This event is free and open to all, but save your seat and your copy of the book through the link below!
In the fall of 2018, a bomb goes off at a water-bottling plant in the mountains of southwest Virginia, an incident the FBI declares an act of ecoterrorism. Arrested at the scene is Chris Bright, a mountain hermit with a long history of activism. Unaccounted for—and presumed dead—is Mara Wood, an installation artist who in the last two years has lost her son and left her husband.
But Mara’s estranged husband David cannot quite believe she is dead, and as he goes about reconstructing the story of what happened, he begins to imagine an alternate narrative—one in which their son doesn’t die and his wife doesn’t leave him, one in which his wife doesn’t carry on a secret relationship with Chris Bright, a man bent on fighting back against the environmental despoliation of his Appalachian home. Lioness is a page-turning, heart-wrenching examination of extremism: What pushes people to act violently, and is that violence ever justified?

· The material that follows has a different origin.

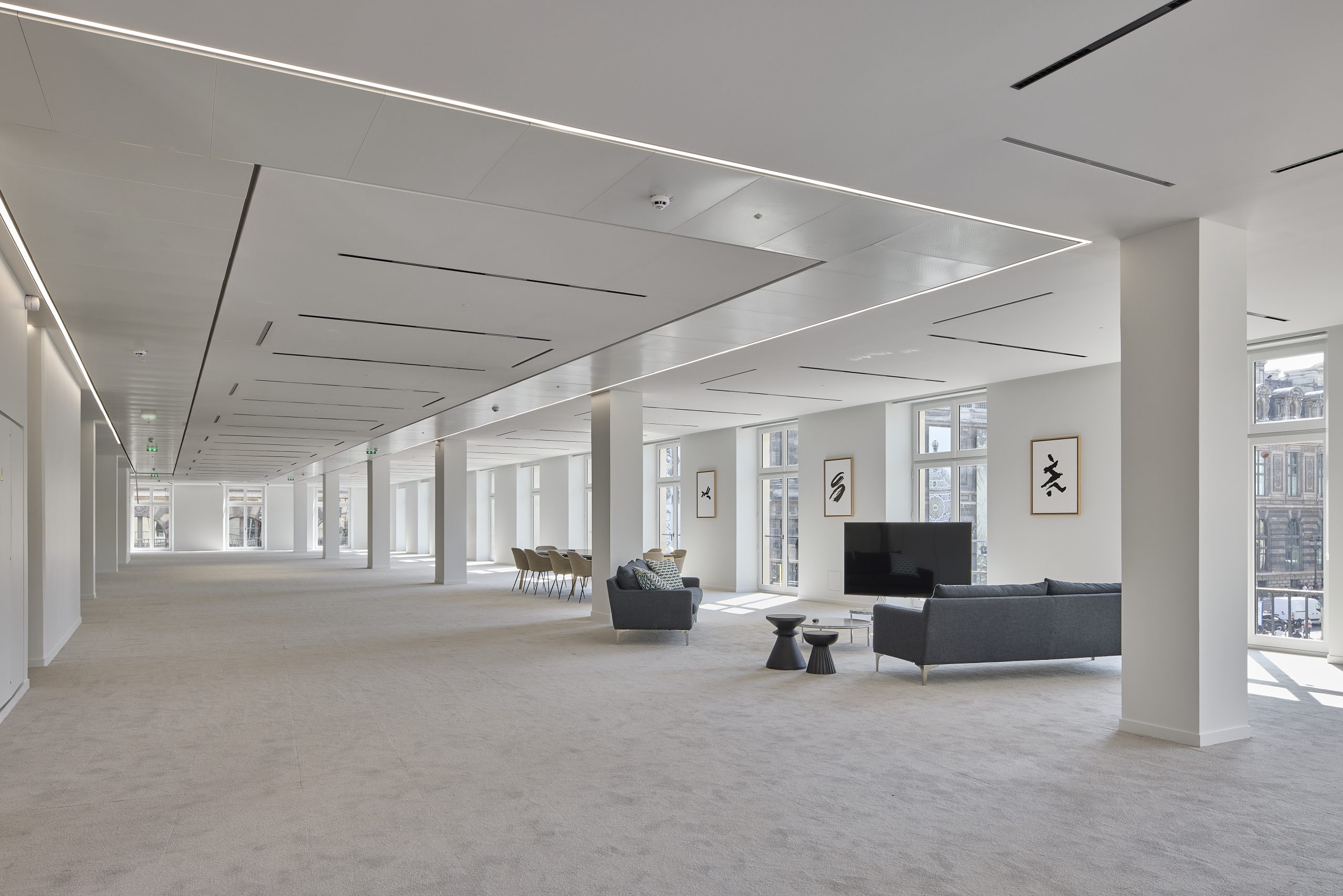 En effet, les espaces de bureaux représentent plus de surfaces que les espaces de la Fondation Cartier pour l’art contemporain. Nous nous sommes engagés dès 2020 dans une démarche d’amélioration du cadre de vie de l’ensemble des collaborateurs du Louvre Saint-Honoré, afin de compenser les cinq années de chantier qui ont rendu la vie dans l’immeuble moins facile. Nous avons notamment conçu un nouveau restaurant au premier étage, avec vue sur le Musée du Louvre, pour remplacer l’existant se trouvant en sous-sol. Nous avons également créé des espaces partagés au deuxième étage, un café réalisé par Ana Moussinet, et de grandes salles de réunion donnant sur des terrasses arborées. Demain, les salariés auront accès à un nouveau parking vélos ultra-moderne. Nous aimons l’idée que nos clients puissent trouver dans nos locaux autre chose que de simples espaces de travail. Nous avons voulu recréer une unité dans le bâtiment et des lieux où ils peuvent se croiser, échanger, créer. Il s’agissait aussi de donner envie aux locataires de rester et de traverser cette phase de chantier, en faisant remonter dans les étages de bureaux la modernité et le renouveau qui étaient en train de se jouer dans le socle. Nous avons travaillé sans relâche pour accompagner les locataires et pour que personne ne se sente lésé. L’un des enjeux essentiels du projet était de réunir les deux dimensions du site, let haut et le bas, pour faire un ensemble cohérent, vivant et harmonieux.
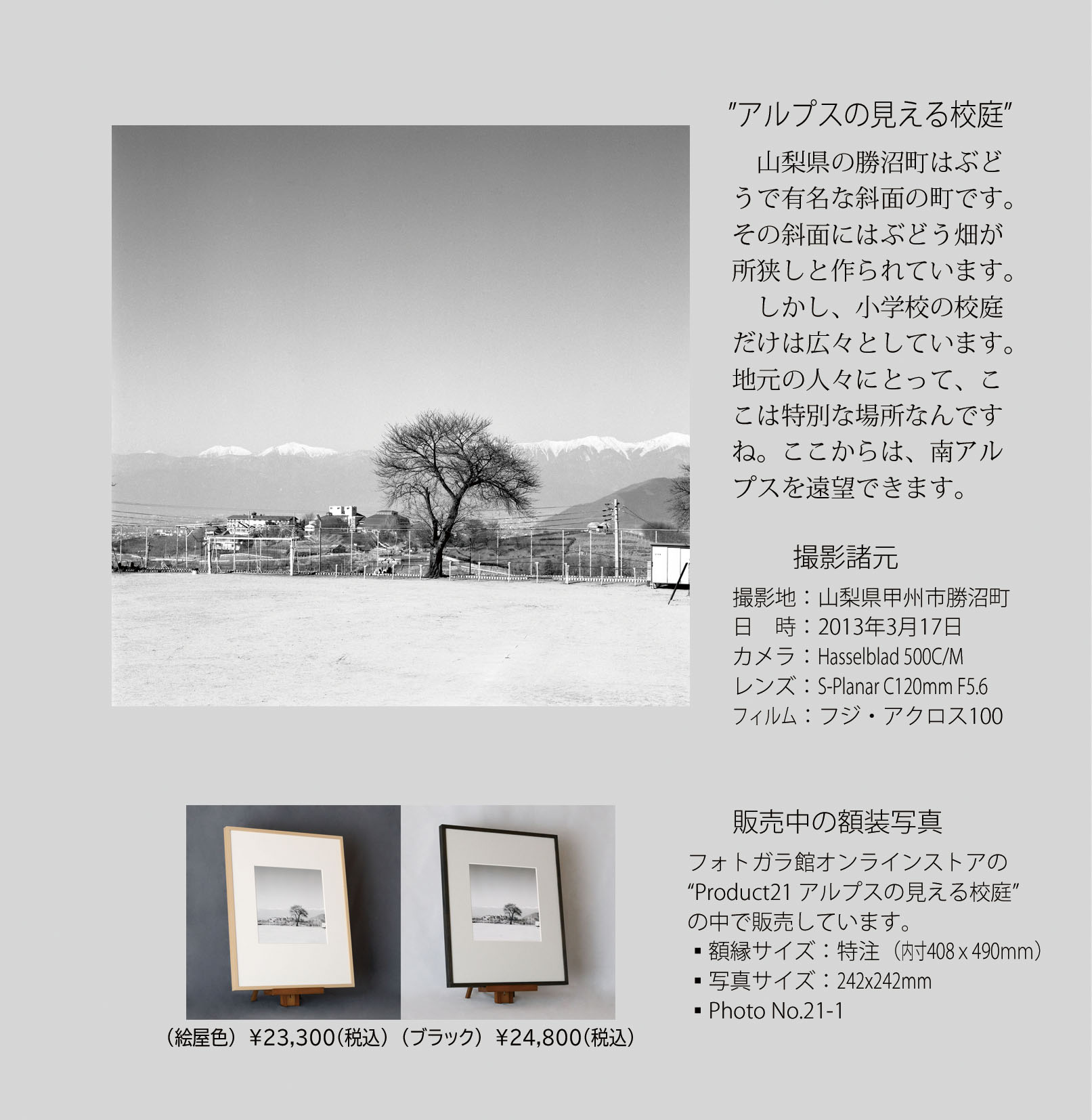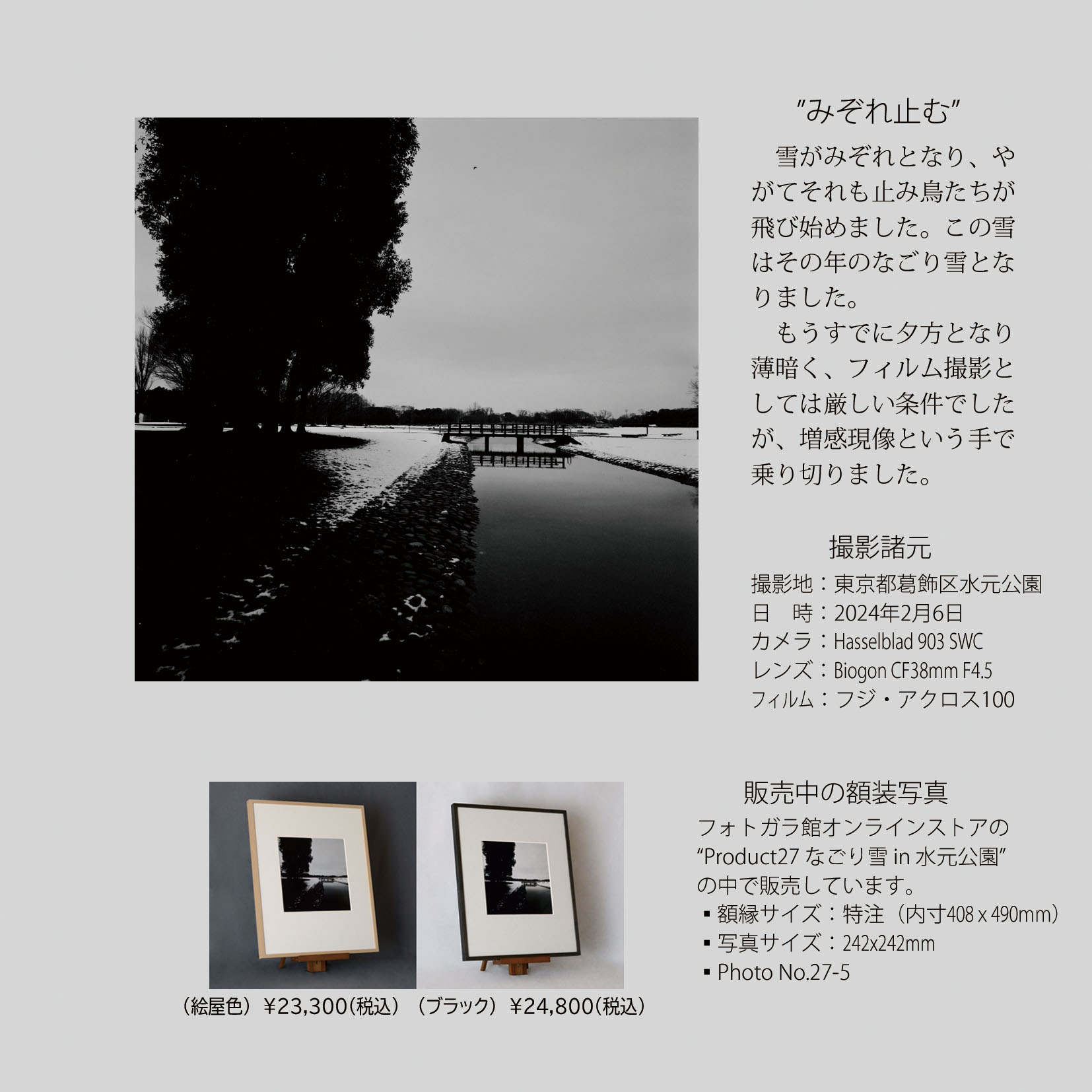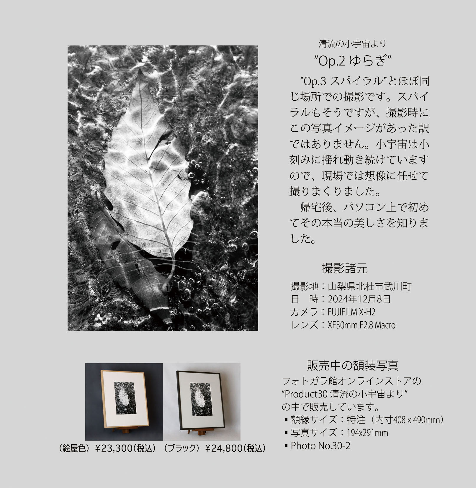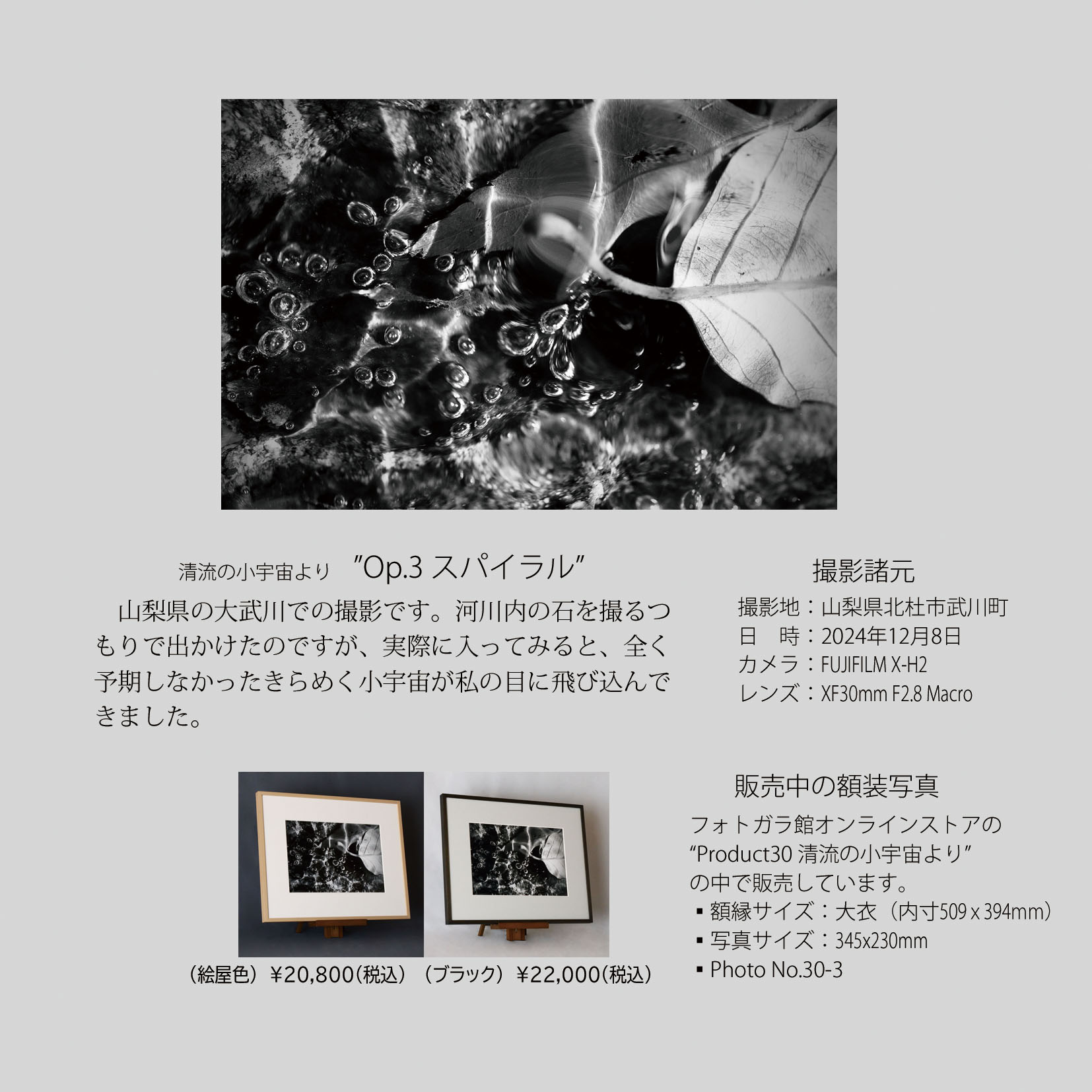 《フォトガラ館・掲示板》■2025/09/29:左メニューの欄に《写真の基礎》を追加しました。■2025/09/27:左メニューの欄に《販売中の額装写真について》と《FOTOGARA Leaflet》を追加しました。■2025/07/30:ポートフォリオサイトを開設しました。■2025/07/30:オンラインストアで販売する商品を大幅に増やしました。■2025/07/30:これまでのサイト構成を、より分かりやすくするために大幅に変更しました。■2024/11/02:メンテナンス等のため、当面の期間ストックルームをクローズします。■2024/10/13:本日、フロントページのレイアウト変更を行いました。■2024/10/08:10月13日のAM、メンテナンス等のためにフロントページをクローズします。■2024/08/20:本日フォトガラ館は開設一周年を迎えました。■2023/11/01:フォトガラ館のロゴマークを作りました。■2023/10/15:Product1ストリートライトの6作品の販売を中止しました。■2023/09/17:本日より、一つであったオンラインストアをオンラインストア1とオンラインストア2の2サイト構成としました。■2023/08/20:サイト「フォトガラ館」は、本日(2023/8/20)オープンしました。

Mark Powell is the author of seven previous novels including Small Treasons (2017, Gallery/Simon and Schuster), and Lioness from West Virginia UP. He has received fellowships from the National Endowment for the Arts, the Breadloaf and Sewanee Writers' Conferences, and twice from the Fulbright Foundation to Slovakia and Romania. He directs the creative writing program at Appalachian State University in Boone, NC.
Deno Trakas is the former chair of the English Department and coordinator of the creative writing program at Wofford College. He's been a Hub City writer from the beginning and is the author of two chapbooks of poetry, a memoir, Because Memory Isn't Eternal, and a novel, Messenger from Mystery. His novel in progress is The Admiral of Smyrna.